● EXERCISE DATA
---*---

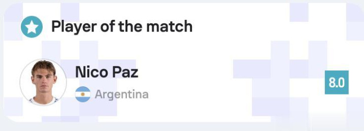 尼科・帕斯凭借第 32 分钟的精彩任意球和全场稳定发挥,收获8.0 分的全场最高评分,当选本场最佳球员。这位卡斯蒂利亚青训出身的前皇马球员,本赛季在科莫队表现出色,仍是阿根廷世界杯 26 人大名单的有力竞争者。
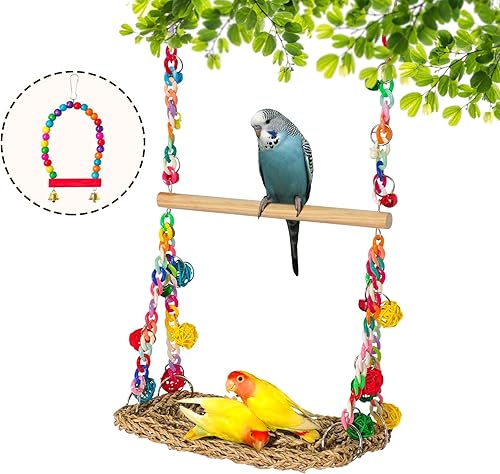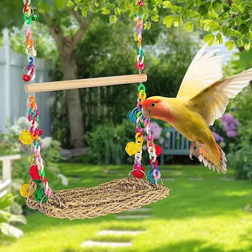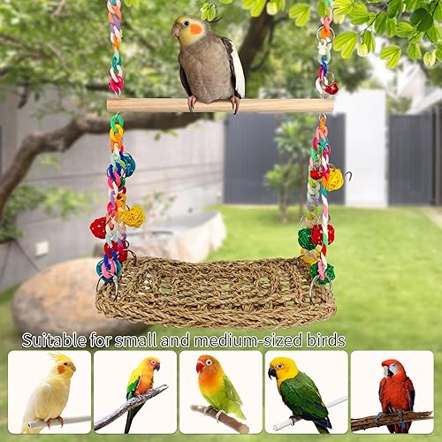 Natural Materials: Crafted from seagrass, bird-safe wood, and durable metal chains, ensuring a healthy environment for parakeets, conures, cockatiels, lovebirds, and other small birds.
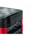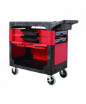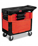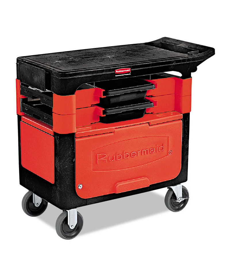 The Rubbermaid Commercial Rolling Tool Chest moves productivity right to the work site with a total tool storage and mobile workbench system. The portable tool cart has a flat surface at a user-friendly height which provides a stable work area. Four compartmentalized boxes store assorted parts and hardware. Two storage bins hold essential hand tools and supplies. Rolling tool cart moves easily over hard surfaces, through elevators and doorways.
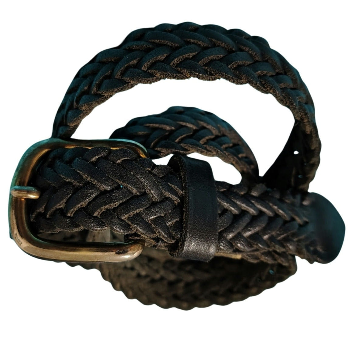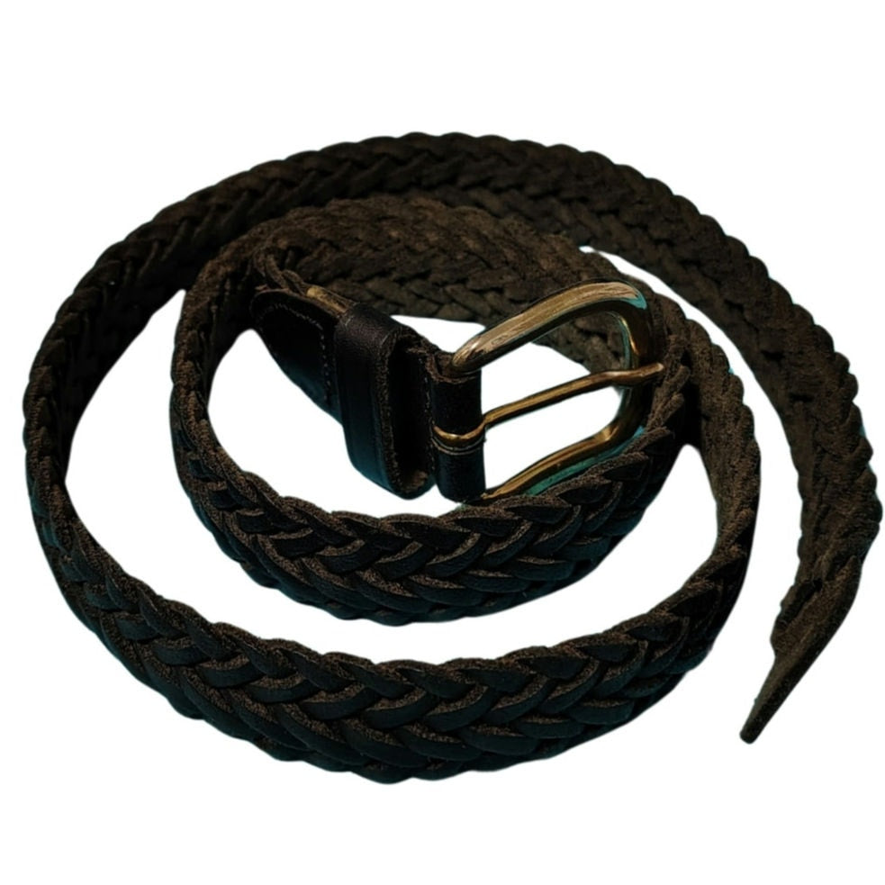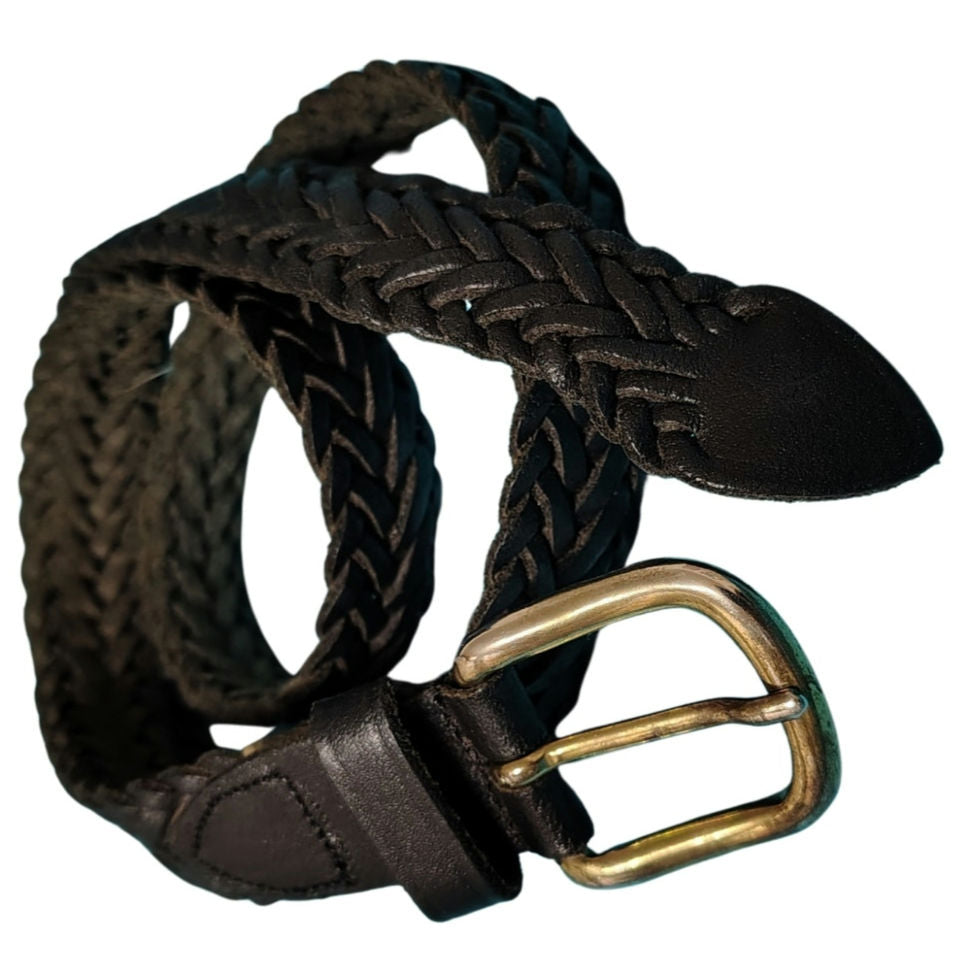 1980s Black Leather Braided Vintage Belt. Narrow 1 Inch width. Rounded metal pull through buckle.

---*---

● WHAT YOU NEED TO DO
Go to the line containing "Natural Materials: Crafted", then write out word for word every line from there to the end of the listing. Keep both end lines and drop the pictures.

● RESPONSE TO THIS TASK
 Natural Materials: Crafted from seagrass, bird-safe wood, and durable metal chains, ensuring a healthy environment for parakeets, conures, cockatiels, lovebirds, and other small birds.
 The Rubbermaid Commercial Rolling Tool Chest moves productivity right to the work site with a total tool storage and mobile workbench system. The portable tool cart has a flat surface at a user-friendly height which provides a stable work area. Four compartmentalized boxes store assorted parts and hardware. Two storage bins hold essential hand tools and supplies. Rolling tool cart moves easily over hard surfaces, through elevators and doorways.
 1980s Black Leather Braided Vintage Belt. Narrow 1 Inch width. Rounded metal pull through buckle.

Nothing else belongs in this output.